Northern painter active between Rome and the Low Countries
Early 17th century
Oil on panel, cradled

Dimensions with frame: 64 × 41 cm
Dimensions without frame: 55.5 × 32 cm

At the beginning of the seventeenth century, Rome was a vibrant centre for Northern European artists, who arrived in large numbers to study antiquity, landscape, and the legacy of classical ruins. While some of these painters are well known today, many others remained anonymous or gradually faded from view, their identities only now beginning to re-emerge through ongoing scholarly research and stylistic investigation.

The present painting belongs convincingly to this Roman–Northern milieu. The composition depicts the Flight into Egypt set within an idealized landscape dominated by ancient ruins and a pyramid in the distance. This element, typical of the antiquarian and imaginative vision of Rome cultivated by Northern artists, creates a subtle conceptual bridge between the biblical subject and an idealized vision of Egypt filtered through Roman archaeology.
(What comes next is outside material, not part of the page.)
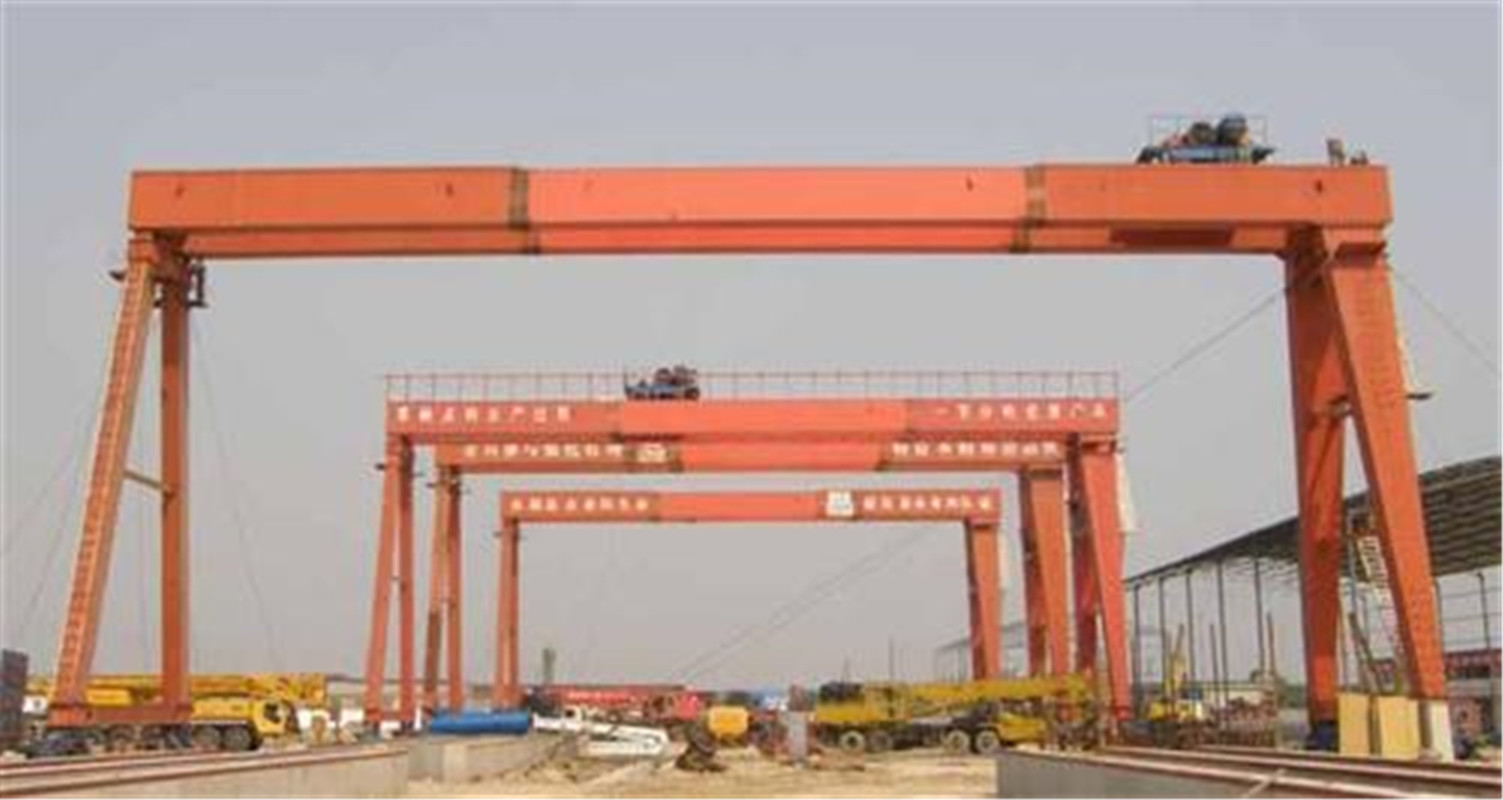 龍門起重機(jī)的起升機(jī)構(gòu)、小車運(yùn)行機(jī)構(gòu)和橋架結(jié)構(gòu),龍門起重機(jī)廠家,與橋式起重機(jī)基本相同。由于跨度大,起重機(jī)運(yùn)行機(jī)構(gòu)大多采用分別驅(qū)動(dòng)方式,龍門起重機(jī)廠家,以防止起重機(jī)產(chǎn)生歪斜運(yùn)行而增加阻力,龍門起重機(jī)廠家,甚至發(fā)生事故。龍門起重機(jī)的起重小車在橋架上運(yùn)行,有的起重小車就是一臺(tái)臂架型起重機(jī)。橋架兩側(cè)的支腿一般都是剛性支腿;跨度超過30米時(shí),常是一側(cè)為剛性支腿,而另一側(cè)通過球鉸和橋架連接的柔性支腿,使門架成為靜定系統(tǒng),這樣可以避免在外載荷作用下由于側(cè)向推力而引起附加應(yīng)力,也可補(bǔ)償橋架縱向的溫度變形龍門起重機(jī)的受風(fēng)面積大,為防止在強(qiáng)風(fēng)作用下滑行或翻倒,裝有測(cè)風(fēng)儀和與運(yùn)行機(jī)構(gòu)聯(lián)鎖的起重機(jī)夾軌器。橋架可以是兩端無(wú)懸臂的;也可以是一端有懸臂或兩端都有懸臂的,以擴(kuò)大作業(yè)范圍。半龍門起重機(jī)橋架一端有支腿,另一端無(wú)支腿,直接在高臺(tái)架上運(yùn)行。

The landscape composition clearly reflects models rooted in late sixteenth- and early seventeenth-century Rome. The depiction of ruins and ancient architecture appears derived from drawings and engravings associated with the circle of Paul Bril and Matthijs Bril, as well as from the broader graphic tradition disseminated by Northern artists active in Rome, among them Willem van Nieulandt, who already in the early decades of the seventeenth century developed imaginative and dreamlike views of Roman ruins, anticipating a sensibility that would only later become central to the genre of architectural capriccio.
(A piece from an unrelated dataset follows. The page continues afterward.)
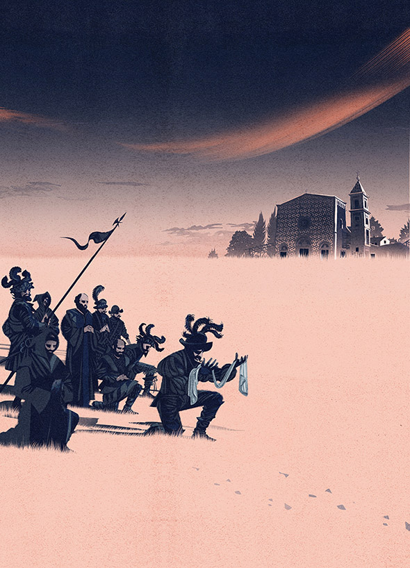 Ciao! Sono sempre stato un appassionato di leggende antiche, segreti misteriosi e fatti apparentemente inspiegabili. Mi entusiasmano quelle strane storie, che non possono non accendere la fantasia di chi le legge. Ho deciso che avrei dovuto trovare un’opportunità per illustrare queste storie, e se non avessi trovato questa opportunità, me la sarei creata. È nata in questo modo la collaborazione con Massimo Polidoro. Assieme abbiamo immaginato un libro che racchiudesse tutti quei luoghi, spesso dimenticati, legati a fatti curiosi o a leggende nere. Bompiani è stata fantastica dandoci completa libertà ed autonomia ed aiutandoci a modellare il libro che avevamo pensato: un atlante per viaggiare nel mistero.

Particularly significant is the presence of the large tree acting as a structural wing of the composition. This element recalls compositional solutions associated with Adam Elsheimer and points to a direct familiarity with pictorial models developed by Northern artists working in Rome. The landscape atmospheres created through successive planes, dark foregrounds, and distant openings would later be absorbed and reinterpreted by painters such as Jacob Pynas.

Although the present painter operates on a more modest qualitative level, the work nevertheless reveals an erudite visual culture and a clear awareness of a precise artistic current. In this respect, the painting shows a curious affinity with works associated with the enigmatic Master of the Roman Songbook, particularly in the imaginative treatment of Roman ruins and the fusion of biblical narrative with a learned, idealized landscape.

Condition: good overall condition; the panel is cradled, with a coherent surface patina consistent with the age of the work.